# PROBLEM DETAILS
Copy all entries exactly, and wherever an entry holds a picture, leave that picture out.

RECORDS SUPPLIED Block Start

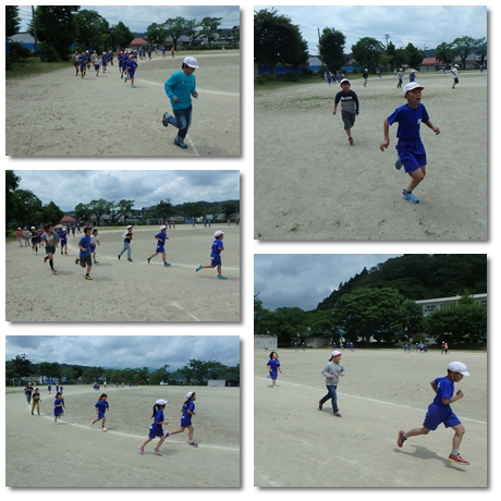 1・2年生に上級生が声をかけて、一緒に走る姿も見られます。
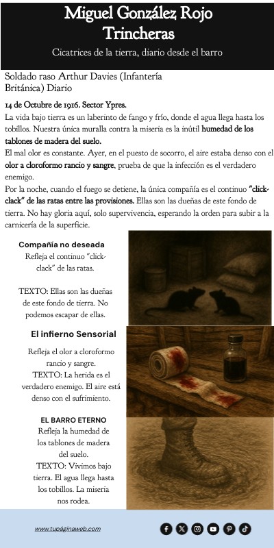 14 de Octubre de 1916. Sector Ypres. La vida bajo tierra es un laberinto de fango y frío, donde el agua llega hasta los tobillos. Nuestra única muralla contra la miseria es la inútil humedad de los tablones de madera del suelo. El mal olor es constante. Ayer, en el puesto de socorro, el aire estaba denso con el olor a cloroformo rancio y sangre, prueba de que la infección es el verdadero enemigo. Por la noche, cuando el fuego se detiene, la única compañía es el continuo "click-clack" de las ratas entre las provisiones. Ellas son las dueñas de este fondo de tierra. No hay gloria aquí, solo supervivencia, esperando la orden para subir a la carnicería de la superficie.
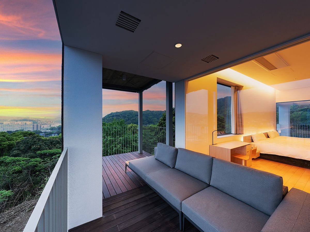 客室専用テラス/ビューバス/レインシャワー/洗面台2台/ドライヤー/温水洗浄機付トイレ/大型液晶TV/ブルーレイDVDプレーヤー/Bluetooth 対応サウンドシステム/空気清浄機/加湿器/ミニバー/ポット/インターネット通信無料(有線・Wi-Fi)
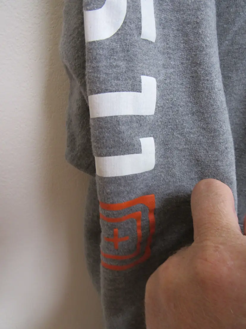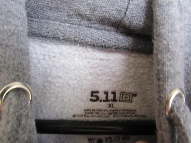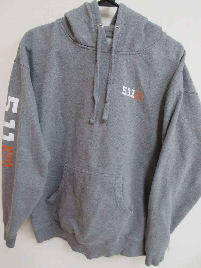5.11 Tactical gray fleece hooded sweatshirt. Size XL. 24" armpit to armpit and 26.5" top of collar to bottom of hem. Nice condition. 4373
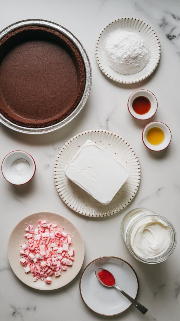 Cream cheese gives this pie structure and richness, while the whipped topping adds lightness. Peppermint extract delivers concentrated flavor without watering down the mix. The crushed candy melts a little into the cream, leaving behind pockets of sweet crunch.

RECORDS SUPPLIED Block End

# SOLUTION TO THIS TASK
 1・2年生に上級生が声をかけて、一緒に走る姿も見られます。
 14 de Octubre de 1916. Sector Ypres. La vida bajo tierra es un laberinto de fango y frío, donde el agua llega hasta los tobillos. Nuestra única muralla contra la miseria es la inútil humedad de los tablones de madera del suelo. El mal olor es constante. Ayer, en el puesto de socorro, el aire estaba denso con el olor a cloroformo rancio y sangre, prueba de que la infección es el verdadero enemigo. Por la noche, cuando el fuego se detiene, la única compañía es el continuo "click-clack" de las ratas entre las provisiones. Ellas son las dueñas de este fondo de tierra. No hay gloria aquí, solo supervivencia, esperando la orden para subir a la carnicería de la superficie.
 客室専用テラス/ビューバス/レインシャワー/洗面台2台/ドライヤー/温水洗浄機付トイレ/大型液晶TV/ブルーレイDVDプレーヤー/Bluetooth 対応サウンドシステム/空気清浄機/加湿器/ミニバー/ポット/インターネット通信無料(有線・Wi-Fi)
5.11 Tactical gray fleece hooded sweatshirt. Size XL. 24" armpit to armpit and 26.5" top of collar to bottom of hem. Nice condition. 4373
 Cream cheese gives this pie structure and richness, while the whipped topping adds lightness. Peppermint extract delivers concentrated flavor without watering down the mix. The crushed candy melts a little into the cream, leaving behind pockets of sweet crunch.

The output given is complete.